Consent. Most jurisdictions (including most of Europe) require either explicit consent or notification to all participants. Some tools handle this for you (the bot announces itself when it joins). For native AI features, the meeting host usually needs to enable it and the participants get a banner notification. Local recording apps require you to disclose — and you should.
Sensitive content. If the meeting discusses customer data, financial information, legal matters, or other sensitive topics, your meeting AI's data handling matters. Bot-based services typically store transcripts on their servers; enterprise tiers usually offer stronger guarantees. Read the data policy or ask your IT team which tool is approved.
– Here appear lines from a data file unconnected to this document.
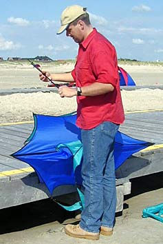 ![]() Am späten Nachmittag frischte der Wind so stark auf, das der Octopus wieder eingeholt werden mußte. |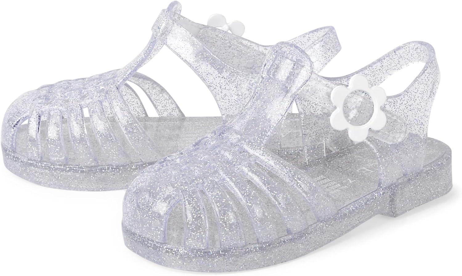 The Children’s Place girls Girls Jelly Fisherman Sandals(Clear Silver Glitter)
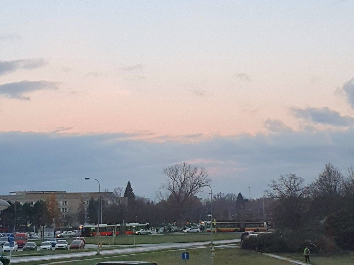 Oblačno, klidno, tlak 1009 hPa.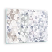 Tablou pe sticlă - Model geometric triunghiular în nuanțe neutre de gri și bej - 70x50cm - În ritm de trei - Decorațiune modernă pentru perete pentru living și dormitor ARTTOR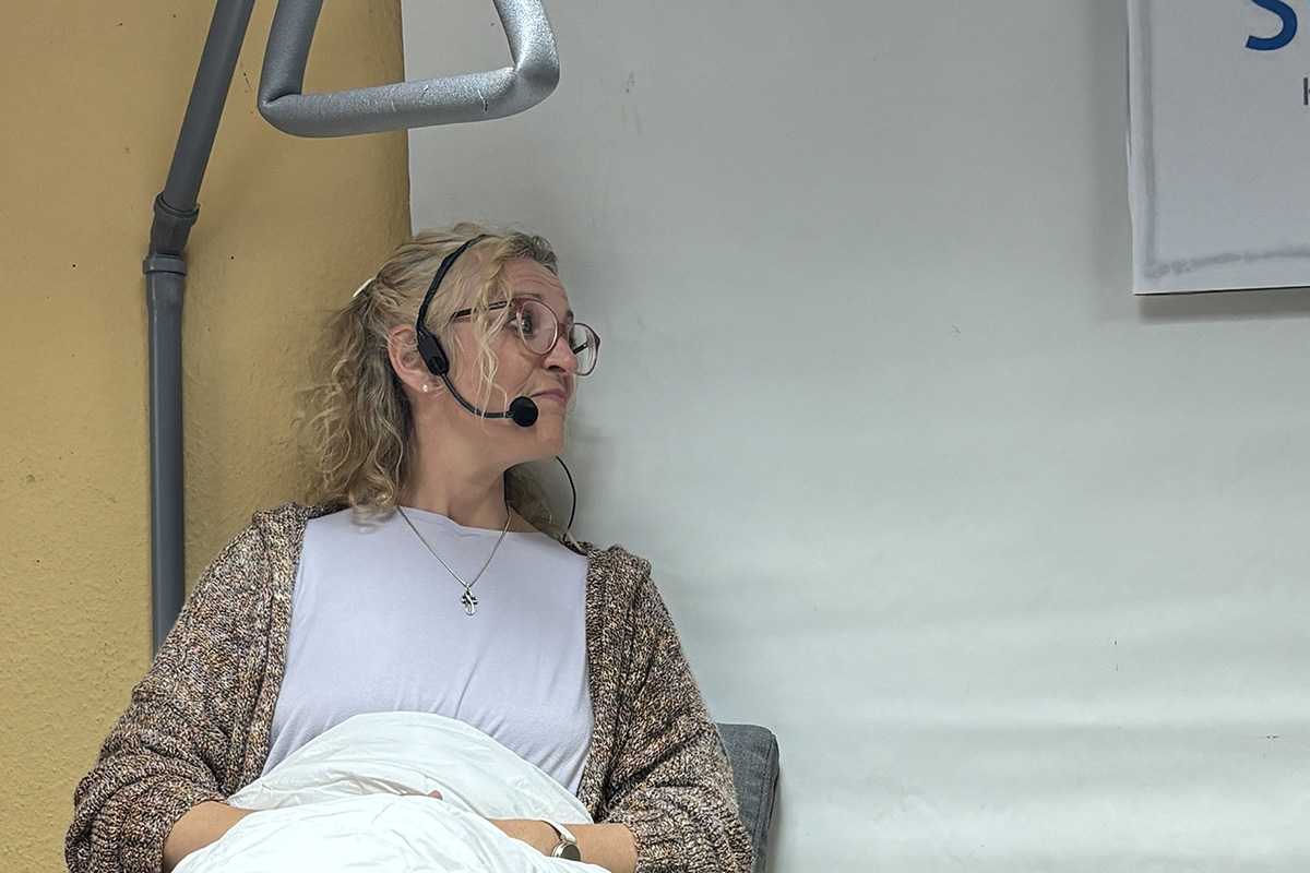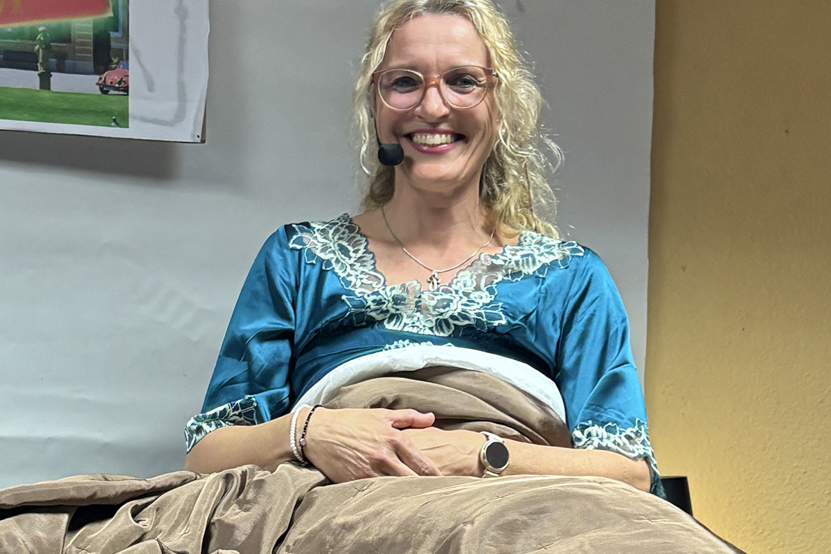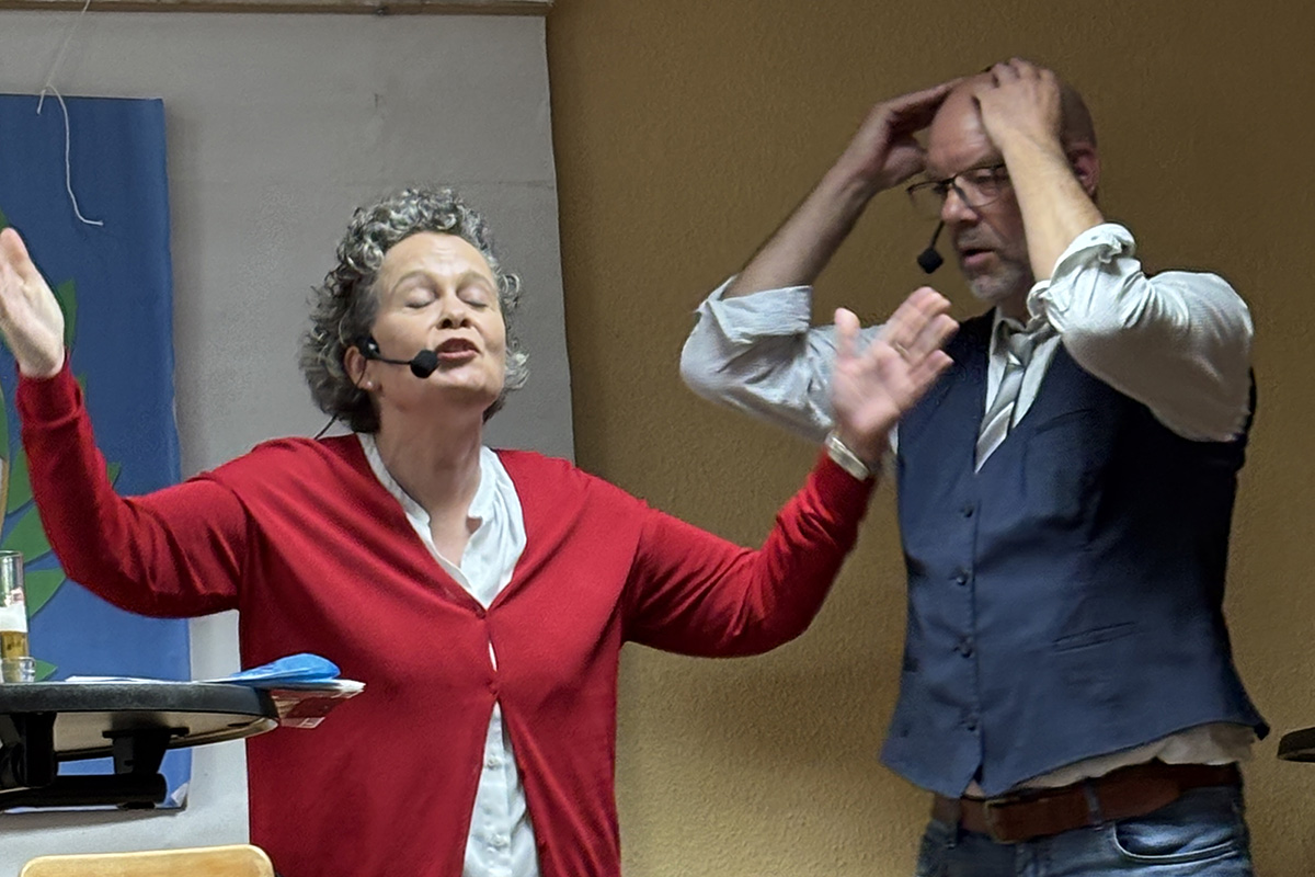 Um es gleich vorweg zu nehmen: Den Höhepunkt des Nachmittags werden die Gäste des Schauspiels sicher so schnell nicht vergessen: Es wurde brennend heiß, als Korinna Schmitz sich beim Bügeln im Homeoffice unter lebensnahem Stöhnen ganz ihrem Telefon-Sex Kunden widmete. Und der wollte keine schnelle Nummer. Ganz zum Leidwesen von Korinnas Ehemann Willi, der beherzt irgendwann selbst zum Hörer griff. Doch in punkto Leidenschaft und Phantasie über Fesselspiele konnte Willi nicht punkten. Umso mehr erlebte Kirchberg was an schauspielerischem Talent in Korinna Schmitz so schlummert, die zumindest verbal alle Hüllen fallen ließ.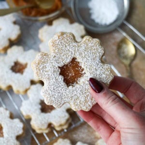 You’ll need to cut a smaller snowflake or circle out of the centre of half of the biscuits you create to make the sandwiches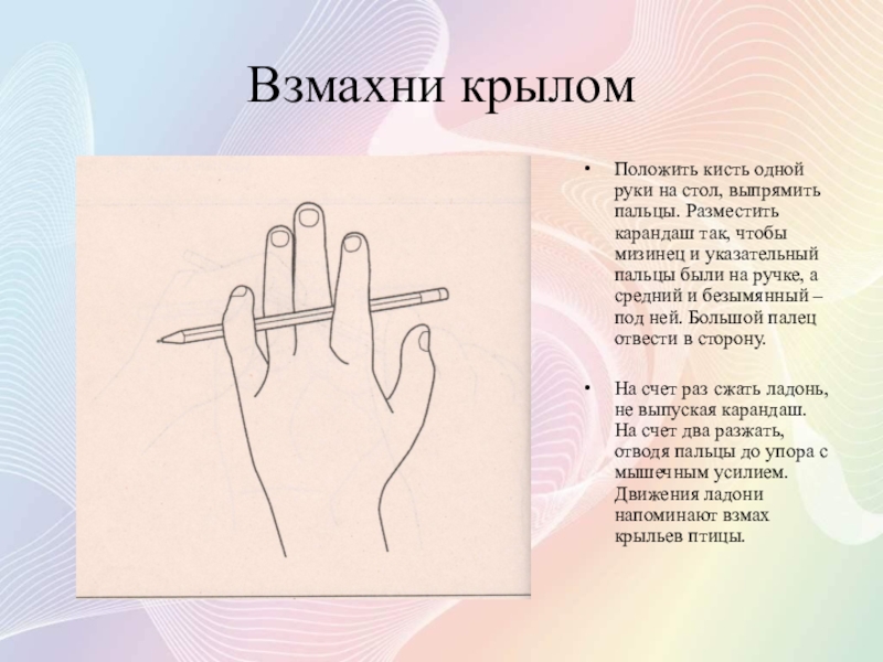 На счет раз сжать ладонь, не выпуская карандаш. На счет два разжать, отводя пальцы до упора с мышечным усилием. Движения ладони напоминают взмах крыльев птицы.

Selective recording. Sometimes it makes sense to not record. Sensitive personal conversations, sensitive performance discussions, legal discussions with counsel, anything where the participants would speak differently if they knew it was being recorded. The simple rule: if you would not write it down in a memo, do not record it.
Setting up the habit
The reason most people fail at meeting AI is not the tool — it is forgetting to use it. Three small habits make it stick.
Pin the bot or feature in your default meeting setup. Most tools have an "auto-record" option that recurs for all meetings on your calendar. Set it once.
Run the cleanup pass before you close the meeting tab. Ninety seconds while the meeting is fresh in your mind is much better than coming back to a raw transcript next week.
File the output somewhere consistent. Notion, Obsidian, a "meetings" Google Doc folder, a Slack channel. Anywhere repeatable. The value compounds when you can search across months of meeting summaries to find "what did we decide about pricing in March."
A few things meeting AI lets you stop doing
Once the habit is in place, several things become unnecessary:
- Real-time note-taking. You can listen instead.
- "Quick recap" emails after the meeting. The structured summary is the artefact.
- "I forgot the action items from Tuesday." The transcript is searchable.
- "Who agreed to what?" Quoted lines settle it.
- "What was the context of that decision?" Open the meeting record and read.
Twenty per cent of every workweek is preparing for, attending, and recovering from meetings. Meeting AI cuts the recovery part to nearly zero. That is real time back.
The takeaway
Pick one tool. Turn it on for every meeting. Run a structured cleanup prompt on every transcript before closing the tab. File the result somewhere consistent.
That is the whole workflow. Less than ninety seconds of work per meeting, no learning curve, and you will look back in three months and not understand how you used to operate without it.